A salvação são os “terceiros”. Há que ter um terceiro na cabeça e na realidade. Amantes ou estimulantes trabalhos, são terceiros cogitados com certa freqüência.
Mas, para um casal, o melhor terceiro costuma ser um filho, que permite realizar a estimulante triangulação. Este pode ser uma legítima motivação para a adoção.
Segundo Di. Loreto (1997), “a adoção em si é um fator neutro, inócuo. Não há patologia nem patogenia intrínseca à adoção. Nem pelo lado da criança, nem pelo lado dos pais que adotam”.

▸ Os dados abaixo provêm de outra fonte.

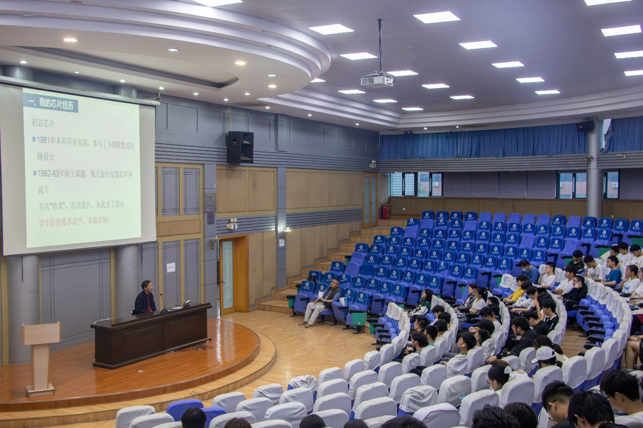 王国裕以自身艰难曲折的入学及从业经历强调了大学四年的学习对未来工作的重要性,他鼓励学生要充分利用大学的学习条件和资源,多动手、多做实验,为未来职业生涯打下坚定基础。接着,他向学生们普及了芯片领域的相关知识,并强调,作为科研工作者,要淡泊名利,耐得住寂寞。他特别指出,创新思维是科研工作者必备的品质。创新依赖于技术,不局限于逻辑。
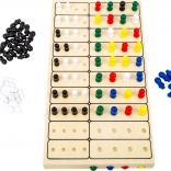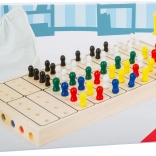 • Plansza i pionki: Gra składa się z drewnianej planszy z otworami i kolorowych pionków, które oferują różne kombinacje kolorystyczne.
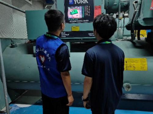 作为空调保赛小组的成员,肖景泓提前一周驻场,从主机到末端,逐个检查设备运行是否正常,并通过智慧楼宇控制系统对空调末端、循环水泵、冷却塔及冷水机组等设备运行参数进行管理监测。在现场也常常能看到他监督巡查、排查故障的身影。对于肖景泓来说,这些设备早已非常熟悉,这些工作更是得心应手,但是他依旧兢兢业业完成规定任务,用一丝不苟的态度保障赛事期间场馆空调系统平稳运行。
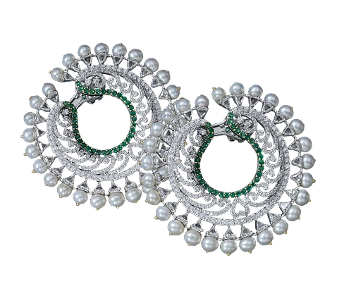 Majestic circular drops featuring intricate natural diamond lattice, accented by a vibrant emerald curve and edged with a halo of delicate pearls.

Quem for competente para ser boa mãe e bom pai, o será para o filho adotado ou natural, indiferentemente. Podem aparecer dificuldades, mas prevalecerão sempre os traços de personalidade mais profundos, estáveis e verdadeiros.
Quanto à criança, não se pode negar que existe um rompimento psíquico, um desenraizamento, que, em uma família com boa estrutura emocional, poderá ser superado como em qualquer luto normal de qualquer perda.
É uma perda. Comporta luto, reparação e substituição.
Como em toda família, espera-se que o casal, constitua um sistema capaz de dar continência aos seus membros, incluindo aí os filhos adotados.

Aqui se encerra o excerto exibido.